▸ The data:
※

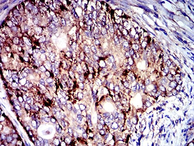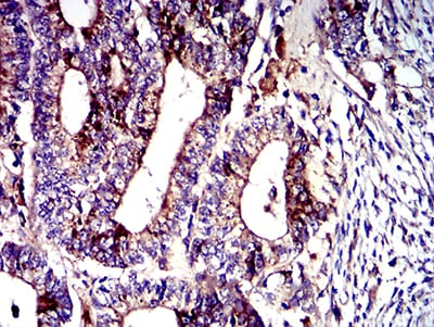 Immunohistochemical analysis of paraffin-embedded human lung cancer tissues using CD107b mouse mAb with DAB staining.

※

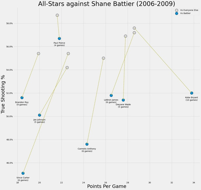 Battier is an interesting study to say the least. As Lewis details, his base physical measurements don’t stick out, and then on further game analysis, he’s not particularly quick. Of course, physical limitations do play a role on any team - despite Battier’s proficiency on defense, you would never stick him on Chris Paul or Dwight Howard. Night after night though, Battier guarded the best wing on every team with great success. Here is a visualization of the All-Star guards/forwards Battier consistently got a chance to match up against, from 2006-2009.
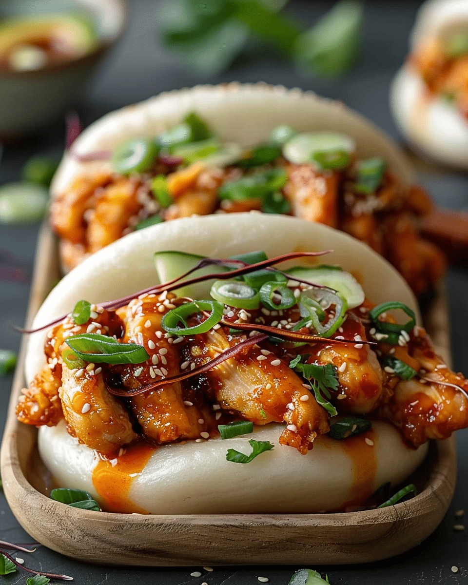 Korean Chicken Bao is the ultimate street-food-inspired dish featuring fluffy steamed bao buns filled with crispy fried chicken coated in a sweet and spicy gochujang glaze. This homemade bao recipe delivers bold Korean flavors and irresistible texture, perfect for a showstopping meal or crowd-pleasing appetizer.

※

▸ About this task: Starting at the line above that contains "Battier is an", transcribe every line exactly through the line that contains "Korean Chicken Bao", including that last one, and skip the pictures.

▸ Result for this exercise:
 Battier is an interesting study to say the least. As Lewis details, his base physical measurements don’t stick out, and then on further game analysis, he’s not particularly quick. Of course, physical limitations do play a role on any team - despite Battier’s proficiency on defense, you would never stick him on Chris Paul or Dwight Howard. Night after night though, Battier guarded the best wing on every team with great success. Here is a visualization of the All-Star guards/forwards Battier consistently got a chance to match up against, from 2006-2009.
 Korean Chicken Bao is the ultimate street-food-inspired dish featuring fluffy steamed bao buns filled with crispy fried chicken coated in a sweet and spicy gochujang glaze. This homemade bao recipe delivers bold Korean flavors and irresistible texture, perfect for a showstopping meal or crowd-pleasing appetizer.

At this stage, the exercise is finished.